東京神学大学

Tokyo Union Theological Seminary

大学紹介

学長メッセージ

東京神学大学学長 芳賀力

敬虔と学問
pietas et scientia
東京神学大学学長
芳賀 力
「主を畏れることは知恵の初め。」
(箴言1章7節)
 「主を畏れることは知恵の初め」(箴言1:7)。そう聖書は語ります。このことは今日、必ずしも自明のことではありません。近代社会はむしろ神を畏れず、人間の理性だけを頼りに知的な探求を続けてきました。

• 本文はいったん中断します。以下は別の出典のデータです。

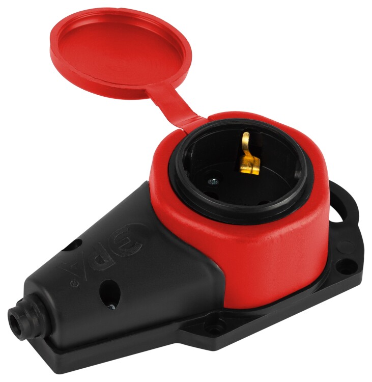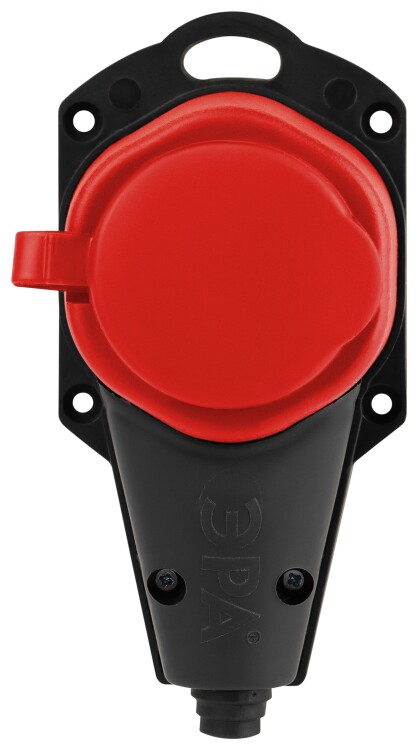 Каучуковая колодка ЭРА KX-1e-RED-IP44 1 гнездо, с заземлением, красная, для подключения кабеля (без разбора корпуса). Съёмная крышка. IP44-защита от пыли и влаги. Максимальная мощность 16А/3500Вт. Для кабеля сечением до 3x2,5мм2.

それは、科学技術を用いて人間がこの世界を支配しようとする試みです。まるでシンアルの地に、石の代わりにれんがを、しっくいの代わりにアスファルトを用いて、天にまで届く塔を建設しようとしたあのバベルの町のようです。その結果、言葉が通じなくなり、混乱(バラル)に陥り、人々は全地に散らされました(創世記11:9)。聖書は人間の世界をこのように見ています。驚くほど正確です。20世紀の二つの世界大戦、21世紀の地域紛争や覇権争い、移民問題、自然破壊など、人類は根本的な問いの前に立たされています。
 しかし神はこの混乱した世界に御子イエス・キリストをお遣わしになり、救いの歴史を開始し、教会を建て、私たちに歴史の完成を望ませてくださいます。本学での神学の学びは、この教会に仕える伝道者、また聖書を教える教育者を育て、日本の社会に送り出すためにこそあります。本学が目指すものは敬虔(pietas)と学問(scientia)とが最も美しい仕方で統合されることです。残念ながら両者が離ればなれになり、敬虔のない学問か、知的探求のない敬虔か、いずれかに傾いてしまう場合が見られます。だから神学はどこで学んでも同じというわけではありません。本学にも欠けはありますが、少なくとも私たちは敬虔と知的探求とが美しく統合される一点を見つめて、神学の研鑽を積んでいます。聖書は人間の「死の言葉」ではなく、「命の言(ことば)」(Ⅰヨハネ1:1)について語ります。私たちを生かすこの「命の言」をぜひご一緒に学びましょう。